When one becomes ill at 40 one doesn’t expect to have to give up one’s work & business, home & savings and to be seriously & debilitating disabled for the best part of the following two decades.
Despite being in so much pain that I’ve had to pull myself along the floor, wished daily for death and at very least to have my worst affected leg amputated, in the UK health system one doesn’t expect to be refused referrals, denied a medical diagnosis for almost 10 years, called a drama queen, a liar, an actress, and attention seeking by medical professionals.
And once one has a diagnosis, can apply for benefits (let’s not linger on DWP accusations of having ‘chosen a disability lifestyle’), one doesn’t then expect to be made very much MORE sick from the side effects to the ‘drug of choice’.
CRPS is a strange & little understood condition. It seems few GPs recognise the condition, let alone acknowledge that sufferers need urgent help if they are to recover full function.
CRPS affects more women than men, upper limbs more frequently than lower and can be caused as a result of trauma, accident, post stroke or cardiac incident, or for no identified reason whatsoever.
The syndrome is diagnosed by a combination of symptoms generally linked to increased sensitivity, swelling, change of colour or temperature in a single limb, but, and this would seem to be unique to CRPS, the symptoms are frequently adopted by the previously unaffected limb as well.

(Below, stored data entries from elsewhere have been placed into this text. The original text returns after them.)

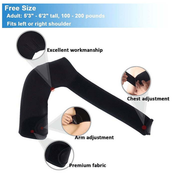 Medtrix Compression Neoprene Shoulder Brace is designed to provide aid in dislocation, separation, sternoclavicular separation, tendinitis, bursitis, impingement syndrome. The product allows a gradual and steady movement of the arm and speeds up the healing process, as it provides therapeutic warmth, retains body heat, and increases blood circulation. | Uses: It is helpful in the condition of dislocation, separation, sternoclavicular separation, tendinitis, bursitis, impingement syndrome. | Product Specification and Features: It embodies adjustable shoulder pad Useful for dislocation, separation & other injuries Facilitates therapeutic warmth to the shoulder & upper arm The product has a thick strap to ensure stability Encompassses strap which helps the belt fit well It is easy to wear and remove Available for both left and right arm | Directions For Use: Use as per requirement or as directed by the physician. | Safety Information: Read the label carefully before use Store in a cool dry place away from direct sunlight Keep out of reach of the children Avoid physical damage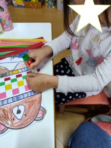 Αρχικά, εξηγήσαμε στα παιδιά ότι θα ξεκινήσουμε μία δραστηριότητα, ένα παιχνίδι με στόχο να βοηθήσουν ένα παιδί αλλά και ένα παπάκι να βρουν τον δρόμο για το σπίτι τους. Προκειμένου να το καταφέρουν αυτό είπαμε ότι το κάθε παιδί θα χρειαστεί μία κούκλα βοηθό, την οποία θα φτιάξουν στη συγκεκριμένη συνάντηση.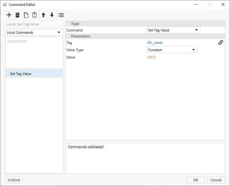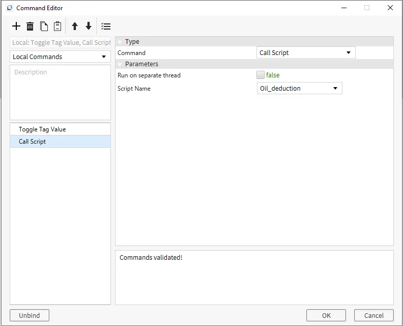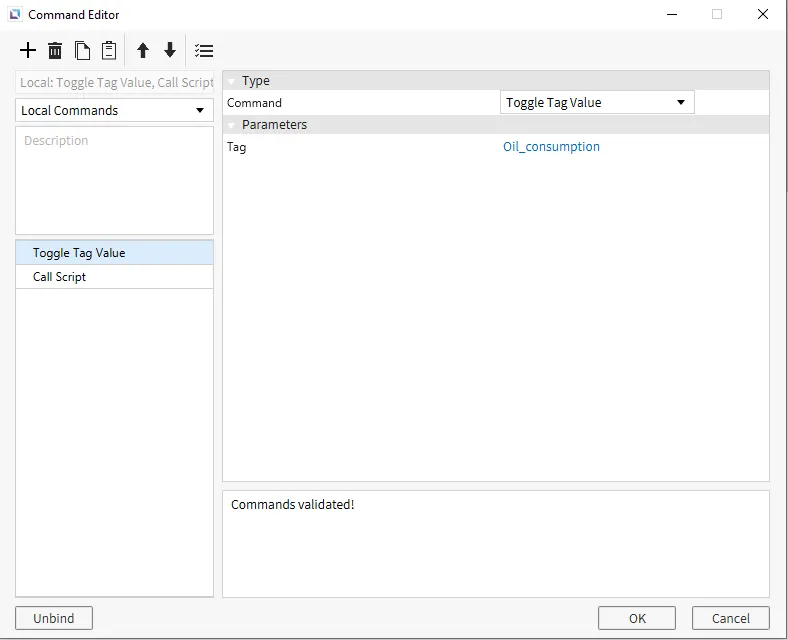 Once pasted in, close the Script Editor by clicking OK. Select the lamp and go to the Actions tab. If Actions does not display, go to View > Properties > Actions and check the box. Under On Press, click the Action field and Create New Command. Click on Add New Command and select Toggle Tag Value. In the Tag field, select the Oil_consumption tag. Then, in the top left of the Command Editor, click the + icon to create a new command. Change the new command to Call script and select the created script.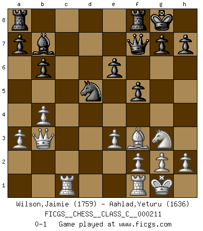 Last move : 0-1 2015 January 26 6:28:25 [Event "FICGS__CHESS__CLASS_C__000211"] [Site "FICGS"] [Date "2014.07.25"] [Round "1"] [White "Wilson,Jaimie"] [Black "Aahlad,Yeturu"] [Result "0-1"] [WhiteElo "1759"] [BlackElo "1636"] 1.d4 Nf6 2.c4 e6 3.Nc3 Bb4 4.e3 O-O 5.Nge2 d5 6.a3 Bd6 7.Ng3 c5 8.dxc5 Bxc5 9.b4 Be7 10.Bb2 Nc6 11.Na4 b6 12.cxd5 Nxd5 13.Rc1 Bb7 14.Be2 f5 15.O-O Bf6 16.Nc3 Nce7 17.Qb3 Nxc3 18.Bxc3 Nd5 19.Bxf6 Qxf6 20.Bf3 Qf7 0-1 This chess game has been lost on time (started : 2014.07.25 16:0:54) Nimzo-Indian : 4.e3 O-O Kingside Castling by player Black (move 4) Kingside Castling by player White (move 15) Player Black won this chess game. Follow this game move after move (download)What is the object of playing a gambit opening?... To acquire a reputation of being a dashing player at the cost of losing a game. (Siegbert Tarrasch) Schachspieler können ausgezeichnet Varianten am Schachbrett berechnen, aber nicht im realen Leben. Zu stark ist der Individualismus im Schach ausgeprägt, und für viele ist ein kleiner momentaner persönlicher Vorteil wichtiger als ein weit größerer Vorteil von morgen. (Anatoly Karpov) Alekhine es un poeta que crea un trabajo de arte de algo que raramente inspiraría a otra persona a mandar una tarjeta postal. (Max Euwe) Les Echecs représentent une sphère d'idées créatrices basée sur la volonté des deux protagonistes. (Smyslov) Luck never gives; it only lends. (Swedish proverb)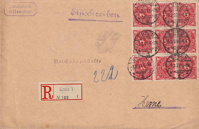 Inlandsbrief mit Einschreiben (1-20 g) vom 03.02.1923 frankiert mit 9 Marken a 10 Mark (=90 Mark, 50 Brief 40 Einschreiben) |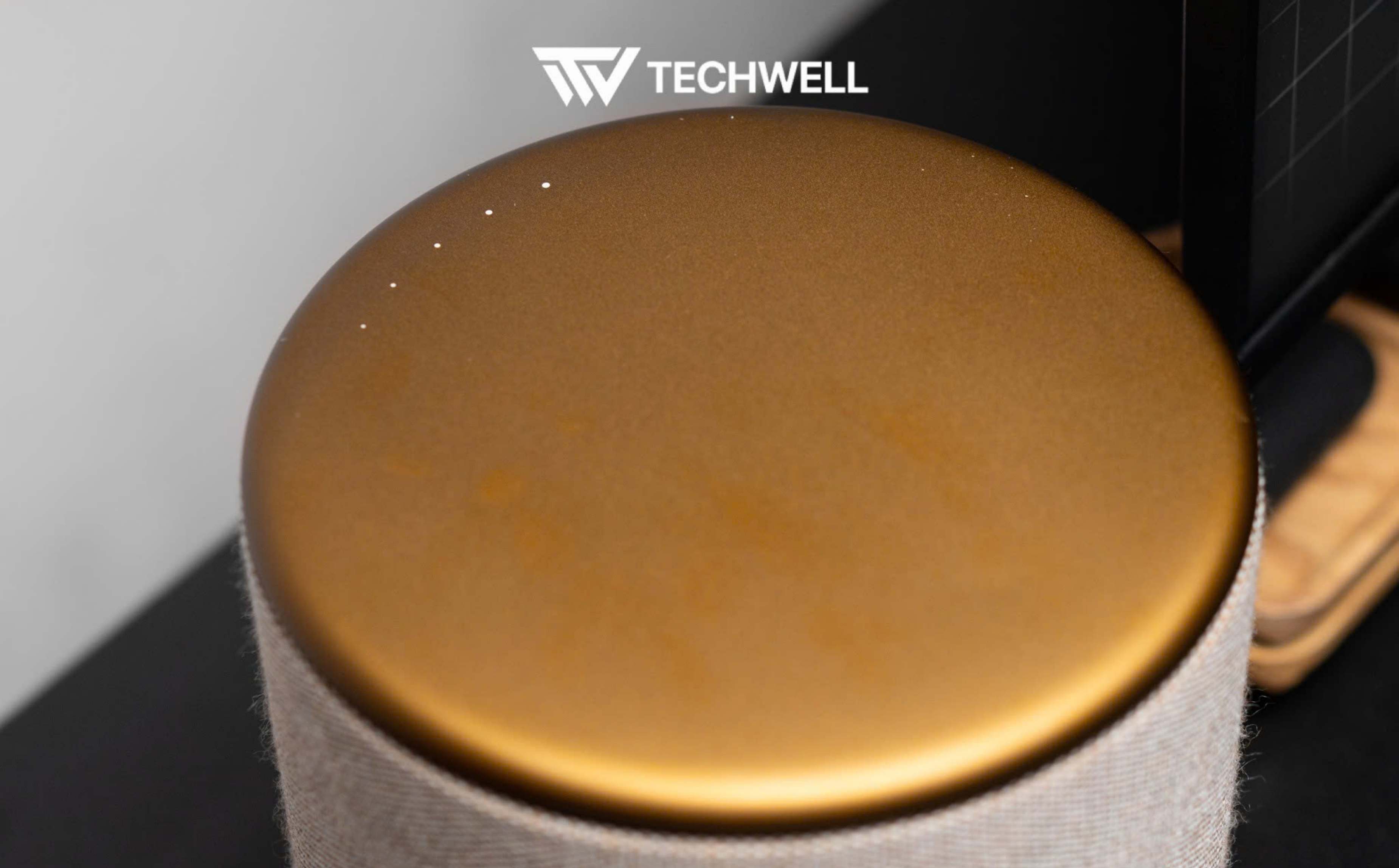 Mặt trên: Đĩa điều khiển được chế tác từ nhôm anode hóa (anodized aluminum) nguyên khối, tạo cảm giác mát lạnh và cao cấp khi chạm vào.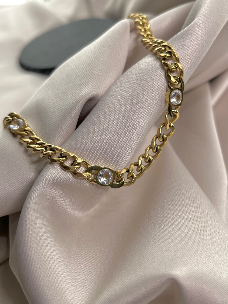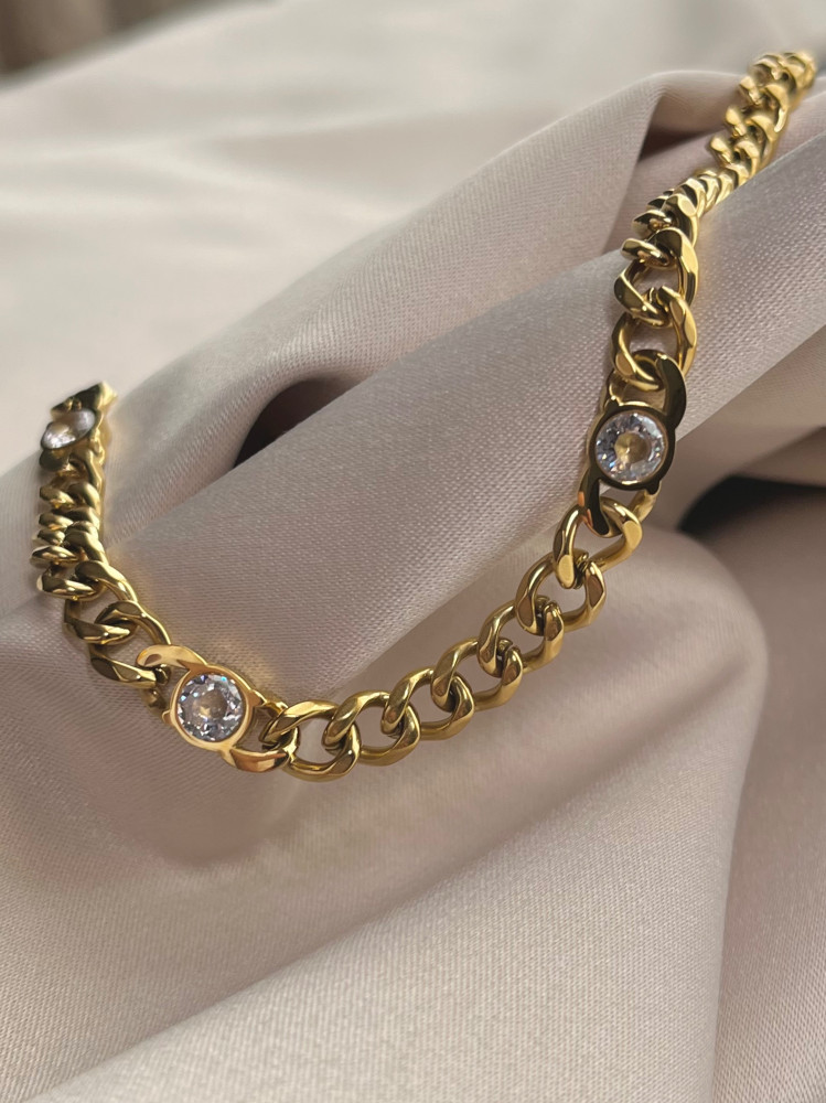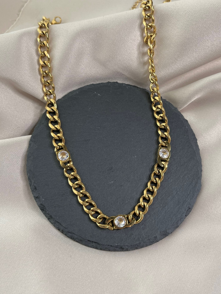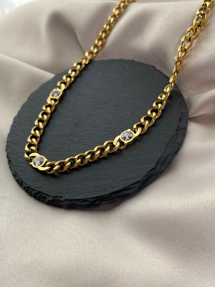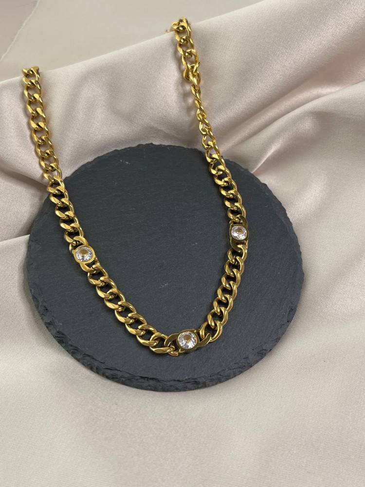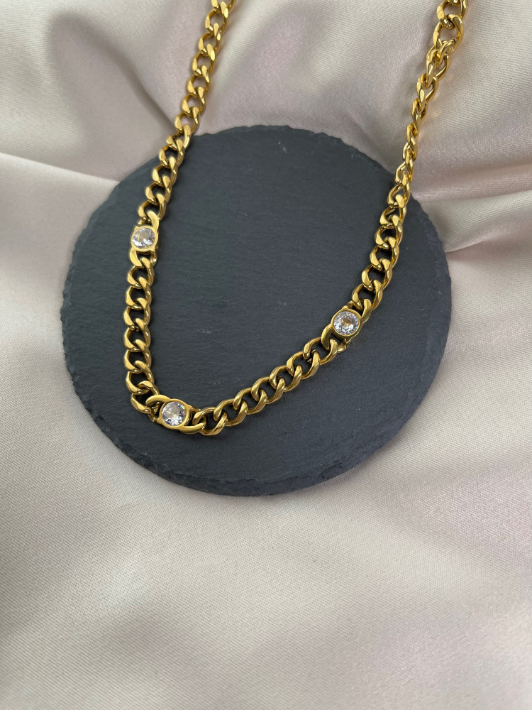 سلسلة جنزير مزينة بزريكون مصنوعة من المعدن المقاوم للصدأ و الماء مطلية ذهب 18K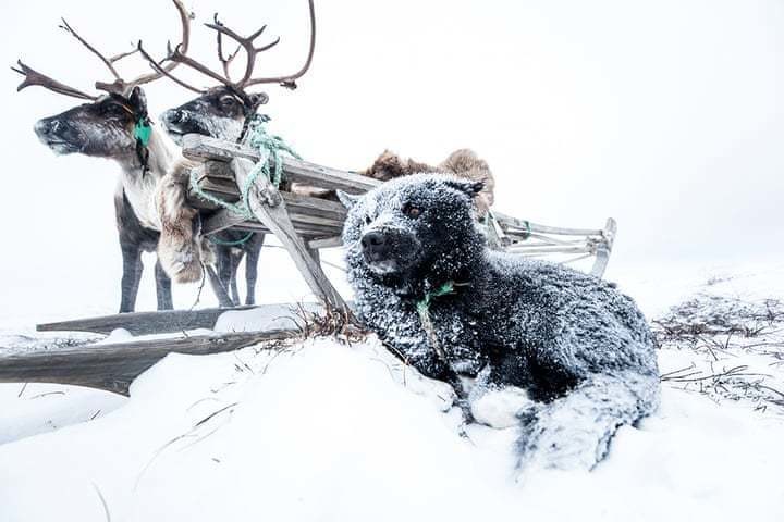 Ритм жизни ненцев определяется их оленями. Именно за этими животными они следуют на летние пастбища, а когда снова приходит тепло ― на зимние. Однако руководит всем процессом миграции человек. На фото беременная Лена с одной из своих собак собирает оленей в один круг. Это очень тяжелая работа, которая длится несколько часов.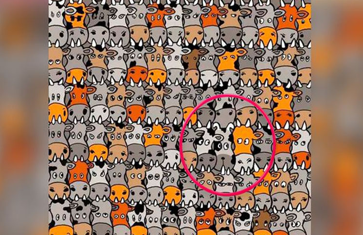 Y el reto visual más reciente tiene que ver con animalitos. En Facebook publicaron una imagen muy graciosa. Son muchas vacas, ordenadas en filas, muy parecidas entre sí. El desafío para esta cuarentena consiste en mirar fijamente el dibujo, y encontrar, en menos de 10 segundo, un perro bebé escondido entre las vacas.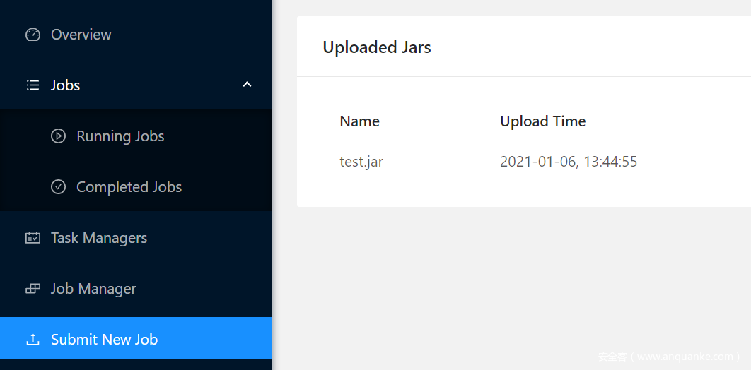 相比通过”Submit New Job”处上传jar包,通过利用CVE-2020-17518漏洞上传的jar包,并不会在前台显示,因此具有一定的隐蔽性。

Unable to mobilise and sometimes using food to distract and distance the sufferer from such extreme pain, CRPS sufferers can be overweight. I’d been on the waiting list for assessment by the local NHS bariatric team for several years. My parents died and I was able to pay privately for a gastric sleeve operation.
In the following 12 months I’ve lost some 10 stones in weight. But I haven’t just lost weight, I also lost drug half-life, the remains my body had dealt with by burying it deep within my body fat. So when I lost weight I also lost the drug to which I was allergic.
The many side effects caused by this drug, Gabapentin, gradually disappeared. I no longer suffer from fibromyalgia or peripheral neuropathy, from falls associated with probable transient ischemic attacks, or hugely oedematous legs and the trauma ulcers they caused. Even my hypothyroidism has reduced alongside my body weight. I no longer use a wheelchair and my mobility scooter is needed only for lengthy outings. All excellent and most surprising results!
In total I’ve lost more than 50 different side effects while the only downside to the operation has been the development of lactose intolerance. Though it takes a bit of getting used to, a dairy-free life is a small price to pay for so much more mobility & freedom.
So now, at 60, I have a future. Only I have no idea what that future might be. I still have CRPS and remain hypothyroid but after 20 years of being restricted to my sheltered home, realising a future is what my trip to Thailand is all about. Despite having been a nurse, a radio broadcaster and running my own small business, in recent years I’ve lived a very small life and consequently have near zero confidence.
The counsellors in Thailand, thelifechangepeople.com, are well regarded and highly recommended. They offer courses for women who are seeking to make significant changes to their lives. I believe they’ll help me to find the person I can now be and assist me to discover what I want from the rest of my life. I’m looking forward to being all I can be for my future!
Having spent the past couple of decades living one day at a time, a few months ago I looked back and discovered that almost 20 years had passed. It was an immense shock. So much lost time – time I don’t remember too much about as Gabapentin also affected my memory which hasn’t, so far, been restored. I’m hoping counselling may help recover some of my memories too. So for many reasons this trip could be the most exciting journey of my life!